Stress information from deep boreholes

As alluded to in the Introduction, the need to measure in situ stresses in civil, mining and petroleum engineering, as well as in geology and geophysics, has led to the development of a large number of stress measurement techniques. In this section I will only discuss a few of these techniques, concentrating on the methods used in stress measurements in deep boreholes. For a comprehensive review of current rock stress measurement techniques the interested reader is referred to Amadei and Stephansson [1997].
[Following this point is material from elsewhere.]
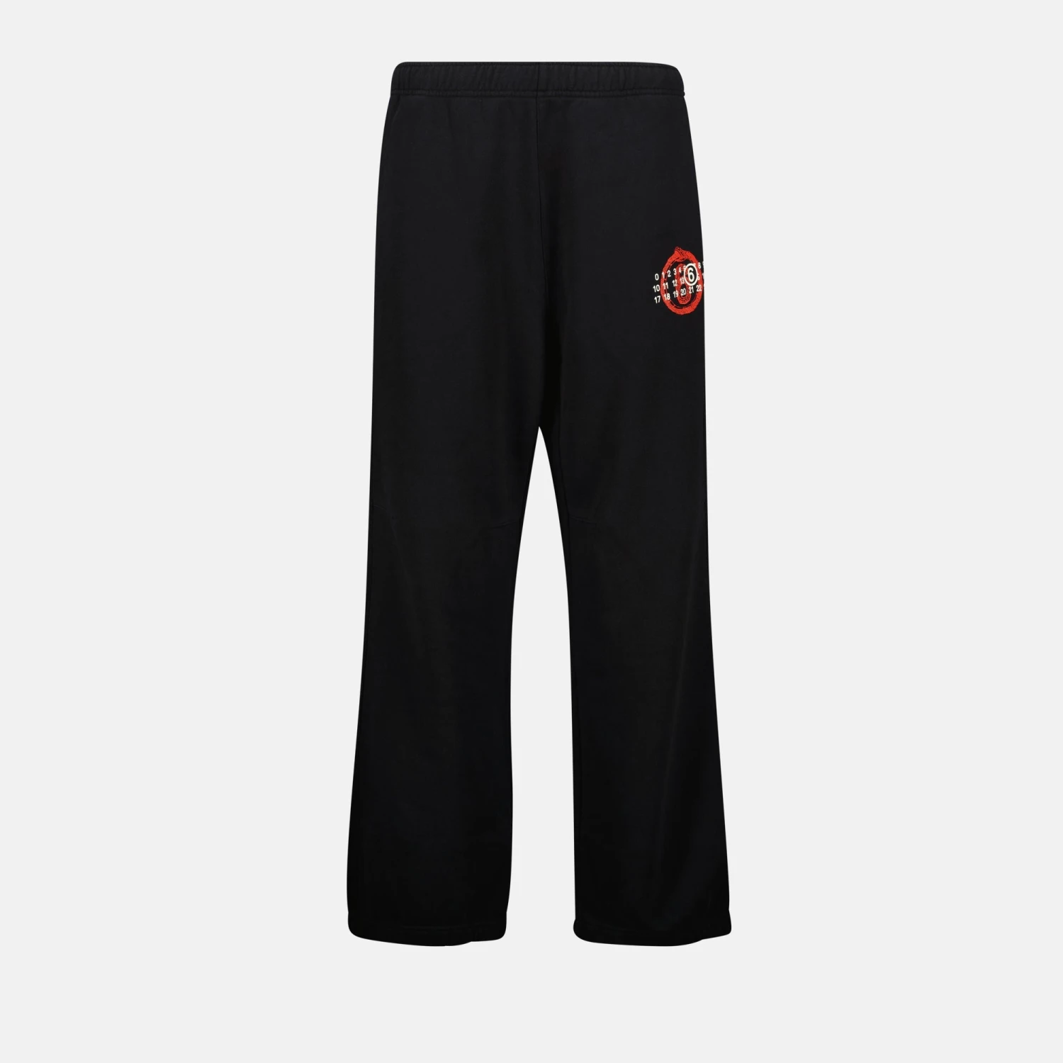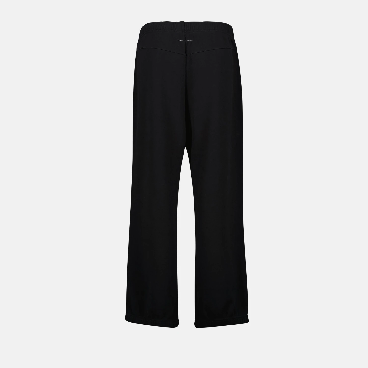 Pantalon de jogging noir de la marque MM6, conçu pour les femmes. Ce modèle fait partie de la collection Printemps-Été 2025 et se distingue par sa coupe large et ses poches latérales.

While the methodology for determining the orientation and relative magnitude of in situ stresses is now well-established [e.g. Zoback and Zoback, 1989, 1991, 1980] and has been utilized at literally thousands of sites around the world [e.g. Zoback, 1992], there have been extremely few sites where in situ stress magnitude has been measured at depths greater than 2-3 km, see review in Brudy et al. [1997]. This is in part due to the very few deep boreholes drilled but also because conventional stress magnitude measurement techniques, e.g. overcoring and hydraulic fracturing, are technically extremely difficult in deep boreholes. Recent developments [Brudy and Zoback, 1999, 1993; Peška and Zoback, 1995] in the interpretation and analysis of drilling-induced compressive and tensile failures in wellbore image data have, however, made stress orientation and magnitude estimation considerably easier and also allow for a continuous stress profile along the borehole. The use of an ``integrated stress measurement strategy'' (ISMS) for continuous stress orientation and magnitude estimation was first reported from the Cajon Pass borehole [Zoback and Healy, 1992] and was further extended [Brudy et al., 1997] in the stress analysis of the KTB deep borehole. The ISMS involved a combination of direct measurement of the least principal stress, using hydraulic fracturing, and detailed analysis of extensive drilling-induced wellbore failure. For later reference I have included, see Figure 12, the stress profiles from the Cajon Pass borehole [Vernik and Zoback, 1992] and from the KTB main borehole [Brudy et al., 1997]. An ISMS is utilized in Paper I of this thesis and I will briefly review the new wellbore image data methods here, starting however with the well-established but very important hydraulic fracturing method.

Figure: State of stress inferred from the Cajon Pass and KTB scientific boreholes, both drilled into crystalline rock. Left) Stress profile from the Cajon Pass borehole using the hydrofracturing data of Zoback and Healy [1992] for $S_h$ and the borehole breakout analysis of Vernik and Zoback [1992] for $S_H$, assuming nonporous rock ( $\alpha = 0$). Figure modified from Vernik and Zoback [1992]. Right) Stress profile from the KTB boreholes. Stress magnitudes from hydraulic fracturing in the pilot hole is shown as solid, $S_h$, and open, $S_H$, squares. Between 3 km and 6.8 km, the results from the combined analysis of borehole breakouts and induced tensile fractures have been merged into a solid, $S_h$, and an open, $S_H$, polygon. Below 6.8 km the $S_H$ magnitude is only calculated from tensile fractures. At 7, 7.7 and 9 km km only the estimation for the least possible $S_h$ magnitude is shown. Figure modified from Brudy et al. [1997].